Структура отношений между тревогой и желанием — двойное зияние между субъектом, с одной стороны, и выпавшим из него объектом, в котором должен субъект, по ту сторону тревоги, найти себе инструмент, с другой, — изначальная функция этого утраченного объекта, на которой Фрейд так настаивает, — вот тот изъян, который не позволяет нам рассматривать желание в свете имманентного логике насилия как единственного измерения, которое позволяет из логических тупиков выбраться.
Фрейд подводит нас здесь к средоточию того, что лежит в основе одного известного явления — явления, представлявшегося ему иллюзией. Следуя обычаю своего времени, требовавшему алиби, он называл это явление религией. Что касается меня, то я назову его Церковью.

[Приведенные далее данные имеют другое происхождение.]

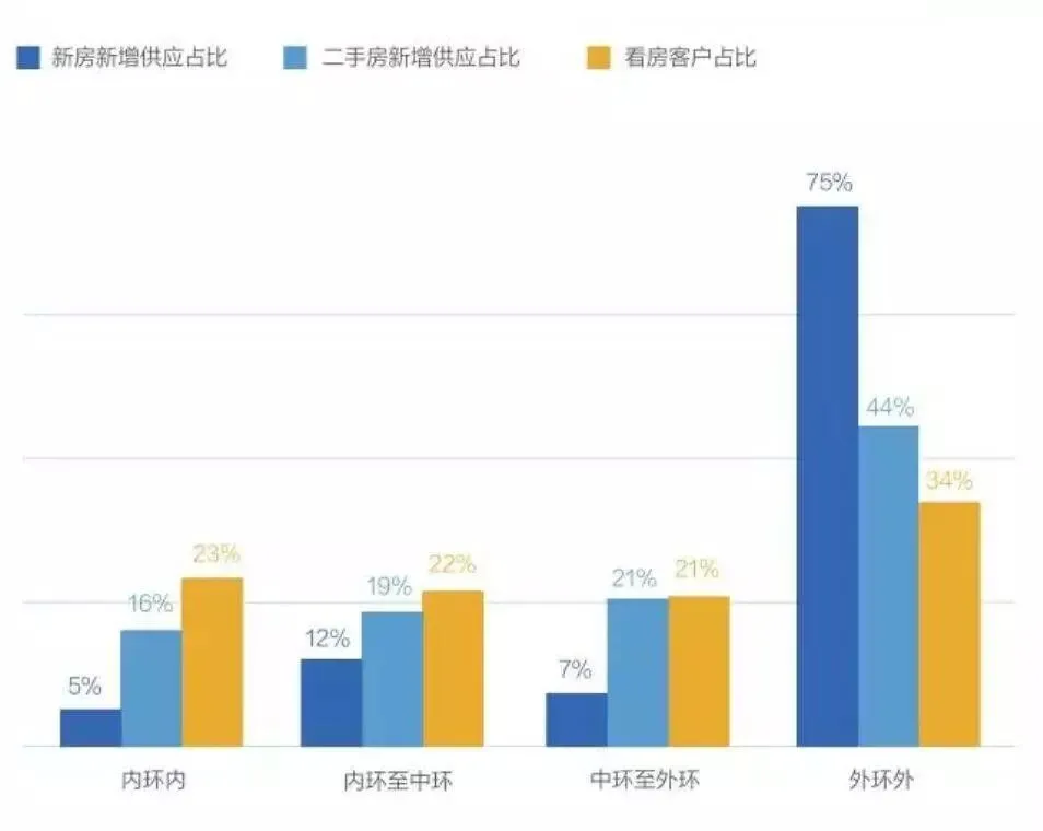 你可以看到,供应最旺盛的外环外,需求的比例反而不多,所以如果你的房子是在外环外,那么本质上你是非常弱势的。因为竞争对手很多,二手房最集中,一手房也在持续不断入市。

Фрейд проливает разумный свет на то самое, благодаря чему Церковь перед гегелевской революцией устояла, не потеряв при этом, как видите, окружающего ее ореола.
Уже в самом основании церковной традиции прослеживается ответвление, уходящее по ту сторону положенной Фрейдом в форме мифа об убийстве отца границы, ответвление бесконечно более глубокое и структурно укорененное.
Туда, на эту зыбкую и ненадежную почву и собирался я в этом году вступить, льстя себя, надо признаться, наличием в этой аудитории ушей, достойных все это слышать — я имею в виду представителей духовенства.
Что касается того, что находим мы об отце — об их Отце — у Отцов Церкви, то да позволено мне будет сразу заметить им, что этим довольствоваться нельзя.
Некоторые из вас знают, что я был и остаюсь, еще с подросткового возраста, прилежным читателем Блаженного Августина. Правда, трактат De trinitate я открыл для себя довольно поздно, всего лет десять назад. Листая его на днях, я поразился тому, насколько мало говорит Августин об Отце. Он прекрасно рассуждает о Сыне, еще лучше о Святом Духе, но когда читаешь его, создается не то чтобы иллюзия, но такое впечатление, будто перо его, словно бы под действием некоего automaton, проскальзывает, когда речь идет об Отце.
Августин, однако, был человеком необычайно ясного ума, и я с радостью нашел у него решительное возражение против применения к Богу термина causa sui. Понятие это и в самом деле совершенно абсурдно, но доказать эту абсурдность можно лишь исходя в общих чертах из того, о чем говорил вам я — что причина является не прежде, чем желание уже возникло, и что причина желания антиномичной концепции causa sui ни в коем случае не равнозначна.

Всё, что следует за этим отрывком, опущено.